* [Requirement]: Where the data below begins, start duplicating lines exactly, and finish with the line containing "После теоретической части"; add nothing else. Leave the pictures out.

* [Source material]:
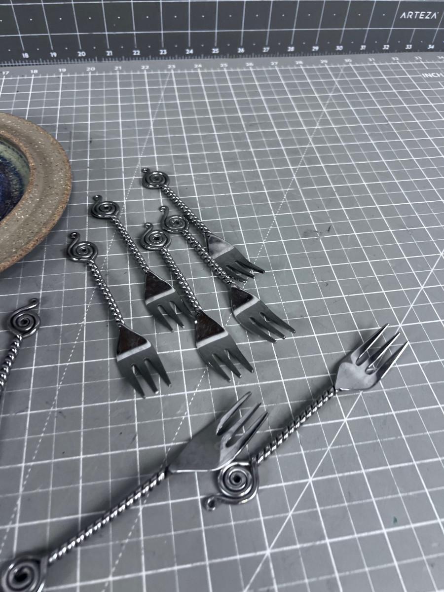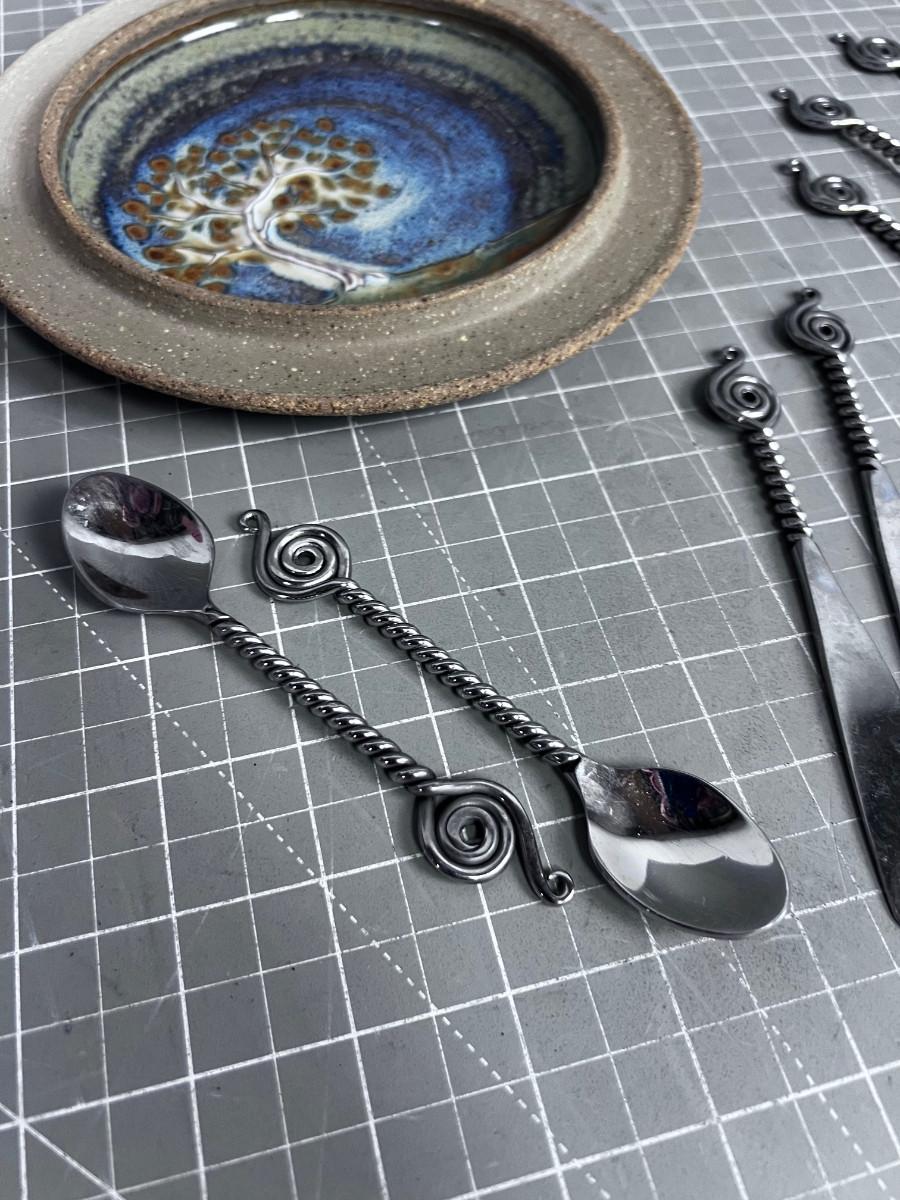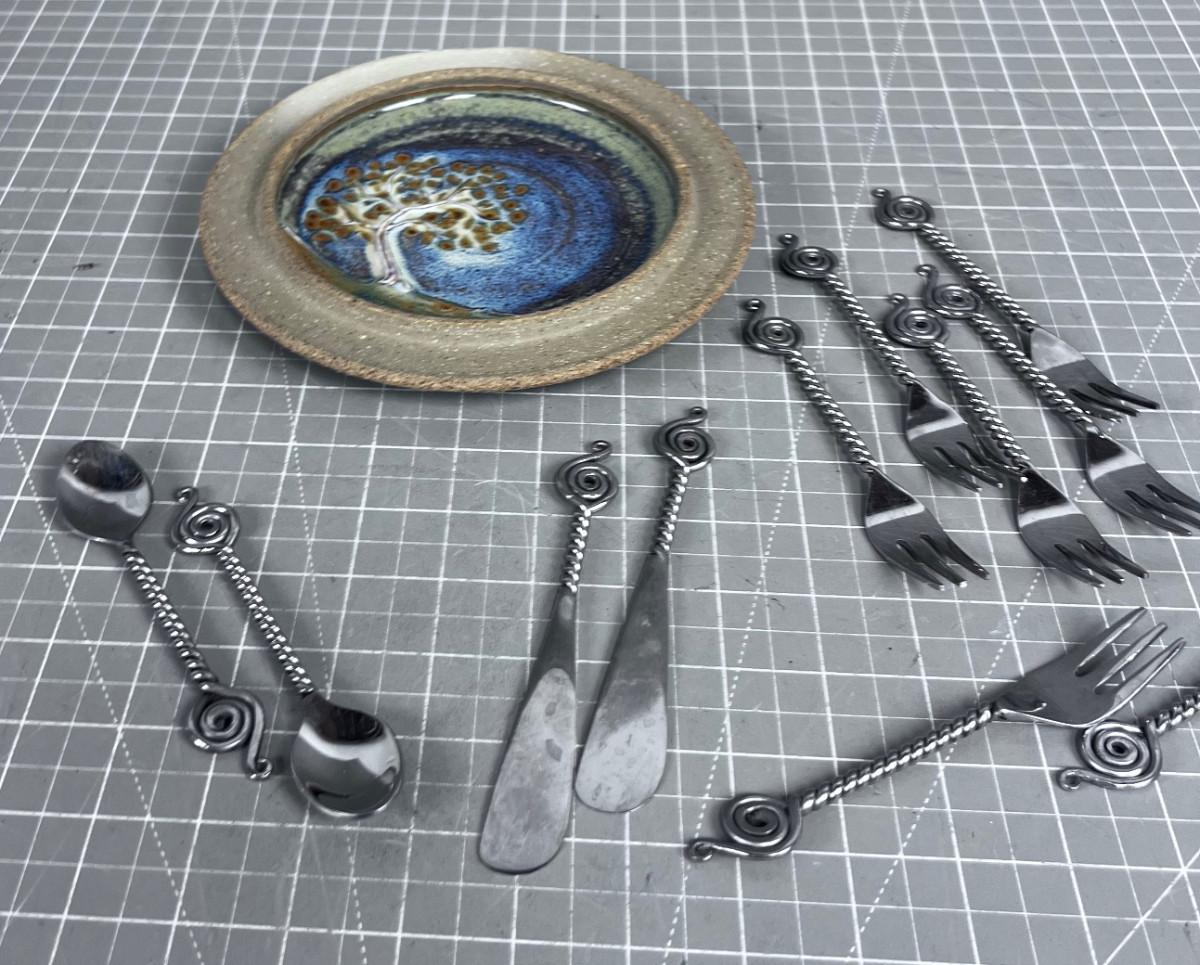 Neat little Forks, Spoons and Knives with Tree of Life Plate
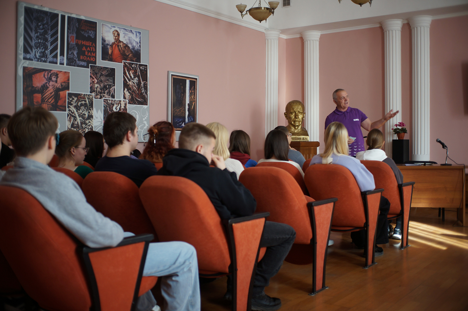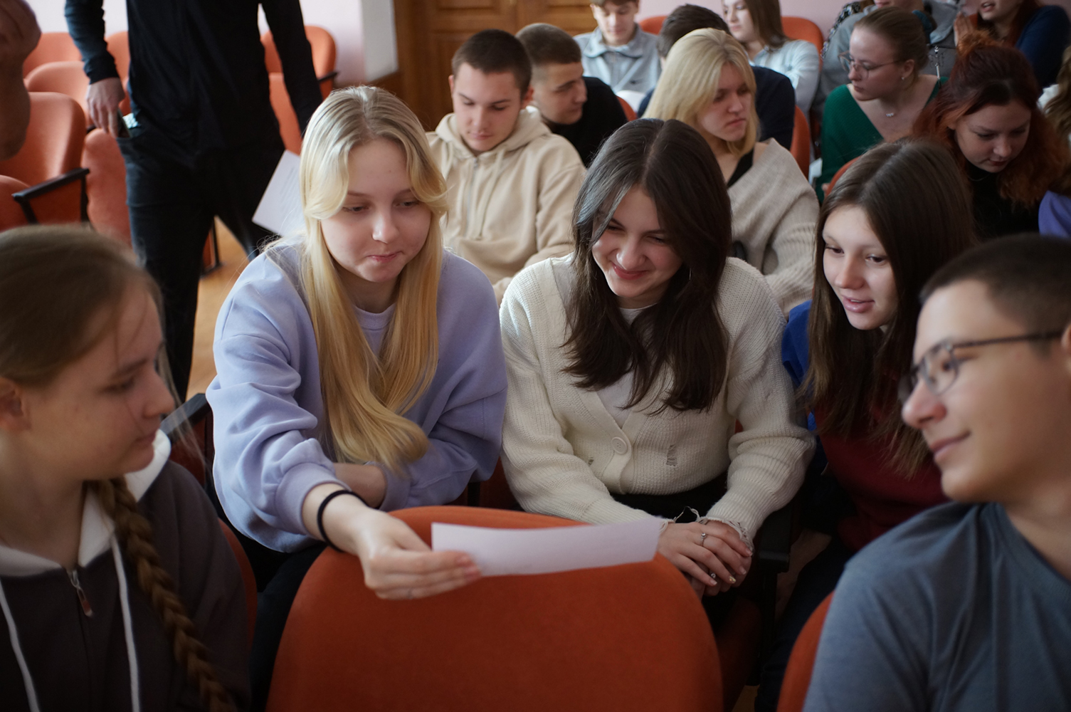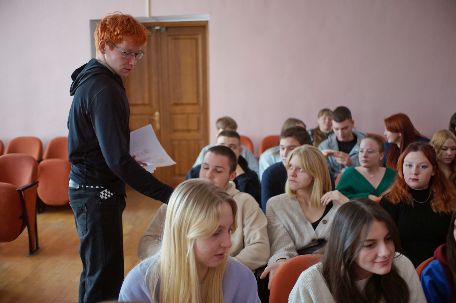 После теоретической части гости мероприятия перешли к практическому блоку. Представители отряда волонтёров финансовой грамотности «БиФинПлат» организовали для студентов увлекательный брейн‑ринг по налоговой грамотности.
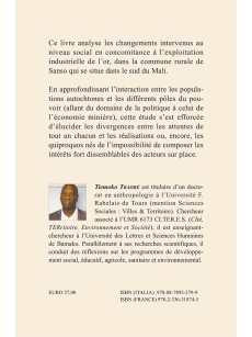 Ce livre analyse les changements intervenus au niveau social en concomitance à l'exploitation industrielle de l'or, dans la commune rurale de Sanso qui se situe dans le sud du Mali. Son auteur s'est efforcé d'élucider les divergences entre les attentes de tout un chacun et les réalisations ou, encore, les quiproquos nés de l'impossibilité de composer les intérêts fort dissemblables des acteurs sur place.
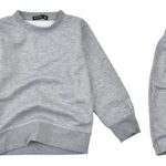 シスキーのスウェット上下セットアップ、キッズ用。男女兼用、150cm。秋冬向けの長ズボン付き。カジュアルなデザインで、ダンスやパジャマとしても最適。無地のグレーが特徴。

* [Answer area]:
 Neat little Forks, Spoons and Knives with Tree of Life Plate
 После теоретической части гости мероприятия перешли к практическому блоку. Представители отряда волонтёров финансовой грамотности «БиФинПлат» организовали для студентов увлекательный брейн‑ринг по налоговой грамотности.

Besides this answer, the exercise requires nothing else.